El tablero de Malvinas: el discurso patriótico de Milei enfrenta su prueba de fuego en el Congreso

El tablero de Malvinas: el discurso patriótico de Milei enfrenta su prueba de fuego en el Congreso

La oposición articula un frente de iniciativas legislativas para contraponer al anuncio oficial sobre soberanía, mientras emergen contradicciones entre el relato presidencial y los vínculos comerciales de su círculo íntimo con actores británicos e israelíes en las islas.

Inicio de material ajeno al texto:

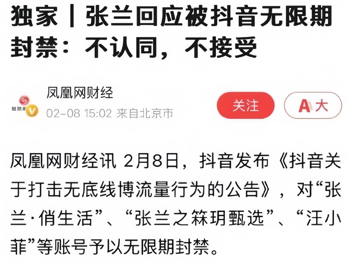 如果張蘭申訴成功,就證明抖音自己在打自己的臉。抖音封禁的名人、資本多了去了,你們見過誰解封過?這個事情,張蘭自己想不明白嗎?
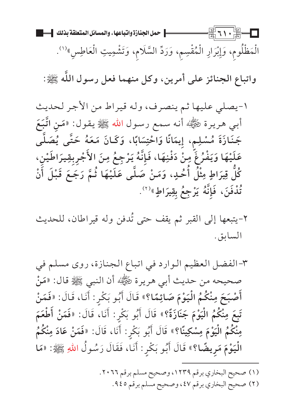 ٣ - الفضل العظيم الوارد في اتباع الجنازة، روى مسلم في صحيحه من حديث أبي هريرة - رضي الله عنه - أن النبي - صلى الله عليه وسلم - قال: «مَنْ أَصْبَحَ مِنْكُمُ الْيَوْمَ صَائِمًا؟» قَالَ أَبُو بَكْرٍ: أَنَا، قَالَ: «فَمَنْ تَبِعَ مِنْكُمُ الْيَوْمَ جَنَازَةً؟» قَالَ أَبُو بَكْرٍ: أَنَا، قَالَ: «فَمَنْ أَطْعَمَ مِنْكُمُ الْيَوْمَ مِسْكِينًا؟» قَالَ أَبُو بَكْرٍ: أَنَا، قَالَ: «فَمَنْ عَادَ مِنْكُمُ الْيَوْمَ مَرِيضًا؟» قَالَ أَبُو بَكْرٍ: أَنَا، فَقَالَ رَسُولُ اللهِ - صلى الله عليه وسلم -: «مَا
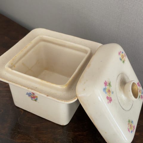 Hel og pen margarinkrukke fra Stavangerflint selges. Ingen skår eller nag, noe misfarging på innsiden av krukken (langs topp) samt underside av lokk. Gullkanten er hel, men litt redusert på noen hjørnene. Se bilder.

El encendido mensaje de Javier Milei, aquel despliegue de fervor nacionalista emitido por cadena nacional que buscó interpelar la fibra sensible de la argentinidad, comenzará a ser contrastado con la realidad de los hechos en el escenario parlamentario durante las próximas semanas. La oposición, que ya afila sus estrategias en la Cámara de Diputados, no solo planea exhumar la confesa admiración del mandatario por Margaret Thatcher, sino también desmenuzar cómo esa devoción se tradujo en decisiones concretas —y en omisiones deliberadas— a lo largo de los últimos tres años de gestión. El ingreso del proyecto de ley oficial, aún huérfano de su letra pequeña, será la excusa perfecta para desplegar un arsenal de propuestas provenientes de distintos bloques, todas ellas orientadas a reivindicar la soberanía nacional sobre el archipiélago del Atlántico Sur.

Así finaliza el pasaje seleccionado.